There’s a pattern to Patty’s novels. They’re always chick lit -- a stiletto heel or a bouquet of flowers usually dons the cover -- but she rotates between friendship and romance focuses in a steady pattern. Abby knows when she’s getting to a good part when she holds the handle of her mug but doesn’t actually drink any of the coffee for several pages. 

 

The morning is also the only time Abby ever sees Patty wear glasses. Reading glasses, she notes, the kind you could get at Duane Reade 2 for $3. Patty never wears them when she reads nonfiction. Then again, nonfiction is usually printed in larger books than these novels. Abby munches her waffles in silence and flips through the reports they’ve received from Homeland Security, or she scrolls through the Ghost News New York subreddit. 

 

When she’s finished with her coffee Patty sets the mug -- enormous and obviously handmade -- to her left until she finishes her half hour of reading.
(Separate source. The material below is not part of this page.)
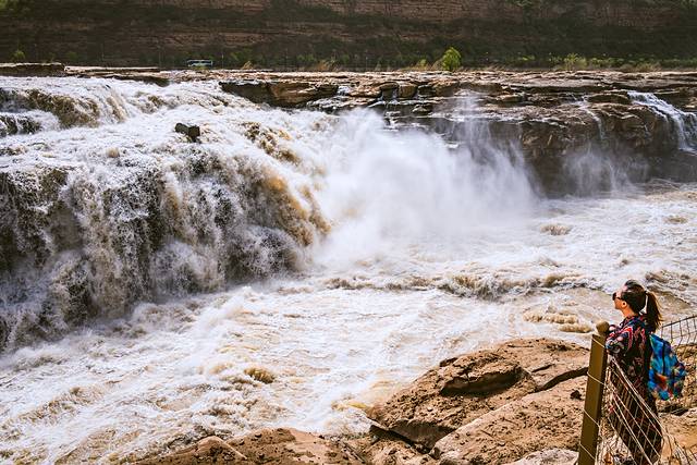 1000立方米/秒的河水,从20多米高的陡崖上倾注而泻,形成“千里黄河一壶收”的气概。

Abby would call it a guilty pleasure book but she knows Patty doesn’t believe in feeling guilty about your pleasures. At the end of the half hour -- always exactly half an hour, never an alarm -- Patty slides her bookmark in to mark her page, washes her mug, plants a good morning kiss on the top of Abby’s head, and heads upstairs with an apple or a banana. Erin made the bookmark for their first Christmas together. Patty used it every morning in her chick lit and always smiled a half smile when she slid it into the pages.

 

Abby kept thinking she would ask Patty how she knew the half hour was up, but she never has. She’s pretty sure, though, that Patty knows her reading speed and knows how many pages she can read in half an hour. 

 

Patty would never call herself routine-oriented, Abby knows this, and she’s not nearly as ruled by routine as Erin, but she has her routines. She drinks coffee and reads in the morning. Abby always knows when Patty’s ready for lunch by the creaking of each desk drawer in order -- put away the book in the top left drawer, mark her notes and file them in the binder applicable to the topic or neighborhood then put that binder in the large bottom drawer to revisit in the afternoon, get her keys from the wide drawer over her legs, lock the drawer with her oldest and rarest book -- before she finds Holtz and the rest. Patty checks the firehouse’s locks in the same order every night before they all turn in - back door, back windows, garage bay, front office door, side door, side window - and on Saturday nights she checks them twice, once in order and the second time in reverse order. She always puts her phone in her left pants pocket. 

 

Patty Tolan doesn’t see herself as routine. She doesn’t walk the same routes, she changes her deli order all the time, she switches toothpaste so often she’s probably tried them all. But Abby sees.


End file.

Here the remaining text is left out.